Linc reminds George that it has been eleven years since his father died, yet George is still living in his father’s shadow despite his own successes. George then stands on his chair and shouts: “I did it!”2 Linc ultimately responds, “It’s okay to feel okay, George. Remember that. It’s okay to feel okay.”2 But, while Berryman describes Severance’s eyes as filling with tears, he is also parodying what he considered to be a feel-good therapy culture. Berryman preferred poetry over therapy as the medium for understanding his life.
There is overlap between Berryman’s depression, alcohol dependency, and poetry. He drank to relieve the depression that often ventured into suicidal ideation. Poetry sustained him for years, until his mental health and addictions claimed him. His poetry, however, remains his legacy.
References
- Berryman, J. The Dream Songs. New York, NY: Farrar, Straus & Giroux, 2014.
- Berryman, J. Recovery.
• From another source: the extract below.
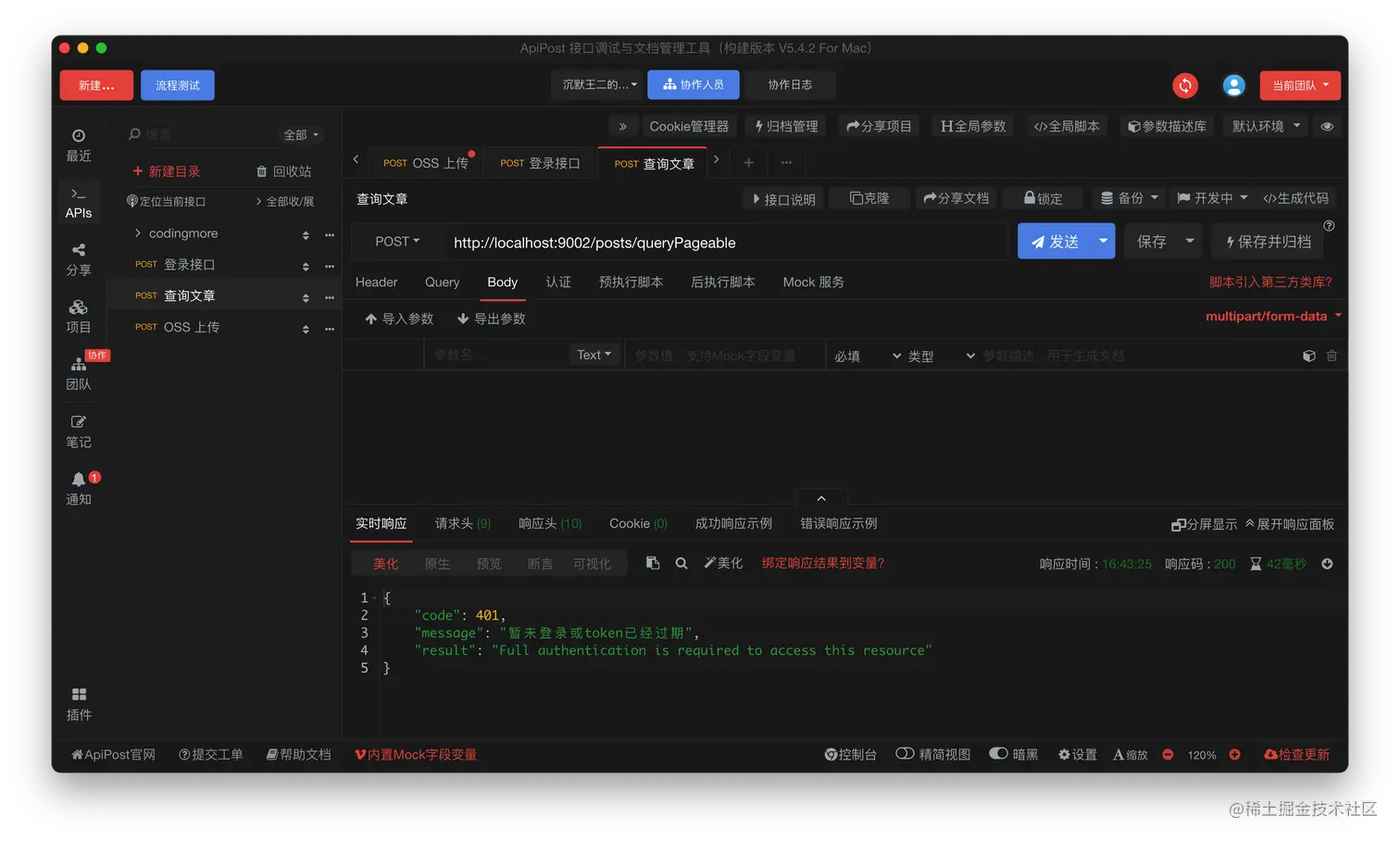 使用 Apipost 来测试一下,首先是文章获取接口,在没有登录的情况下会提示暂未登录或者 token 已过期。

London: Faber and Faber, 1973.
- Bellow, S. “John Berryman, Friend.” May 27, 1973. The New York Times.
ALAN BLEAKLEY, professor, has a background in zoology, psychology, and psychotherapy. He was head of clinical education research at Peninsula Medical School UK, and is past president of the Association for Medical Humanities. He has an international reputation in medical education and medical humanities, with 20 books and numerous articles. He is a widely published poet.